## WHAT NEEDS TO BE DONE
As an exercise in exact copying, transcribe the lines below from the one holding "คณะพยาบาลศาสตร์ ในโอกาสครบรอบ 22" through the last, with both ends included and pictures left out.

──────

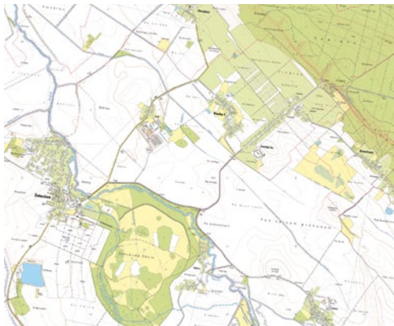
Obr. 3. Zobrazení současné krajiny na místě zaniklé rybníční soustavy na dolním toku Doubravy na ZM 10

Fig. 3. Current state of the landscape around the disappeared pond system in the lower Doubrava river, current BM 10
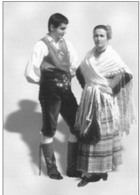
Traje típico de Villanueva de la Serena (Badajoz).
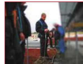
Formation des travailleurs utilisant des E.P.I. contre les chutes de hauteur ( Art. R233-44 du Code du Travail ).

D'autres modules de formation peuvent être mis en place en fonction de besoins spécifiques ( Travaux suspendus et sauvetages, Travaux sur fortes pentes, Installation de lignes de vie provisoires, Montage/utilisation d'échafaudages, Gestes et postures-P.R.A.P., ... ).
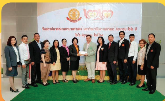
คณะพยาบาลศาสตร์ ในโอกาสครบรอบ 22 ปี เมื่อวันที่ 26 มิถุนายน 2561
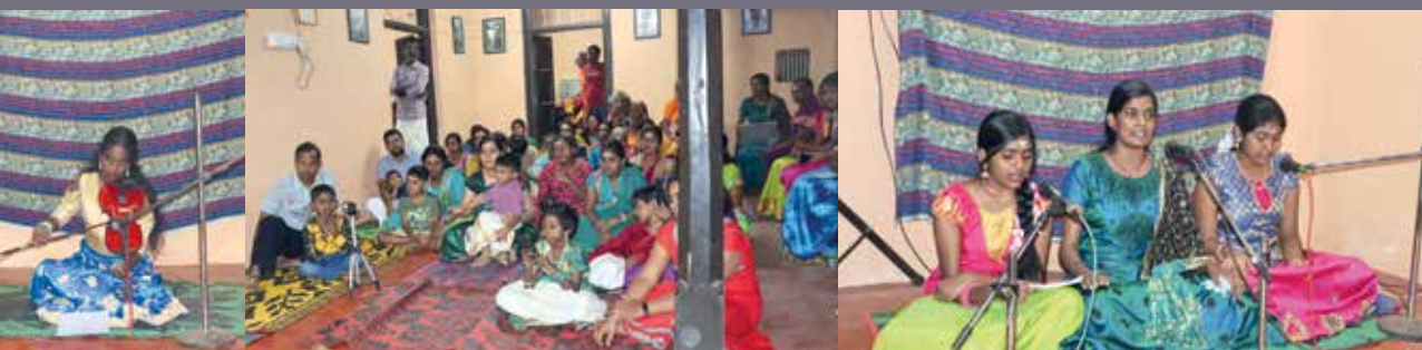
(18-02-2023) - பெருஞ்சிவனிரவில் தென்னாட்டு அறநெறி மாணவர்களின் கலை நிகழ்வுகள்

──────

## REPLY TO THE EXERCISE
คณะพยาบาลศาสตร์ ในโอกาสครบรอบ 22 ปี เมื่อวันที่ 26 มิถุนายน 2561
(18-02-2023) - பெருஞ்சிவனிரவில் தென்னாட்டு அறநெறி மாணவர்களின் கலை நிகழ்வுகள்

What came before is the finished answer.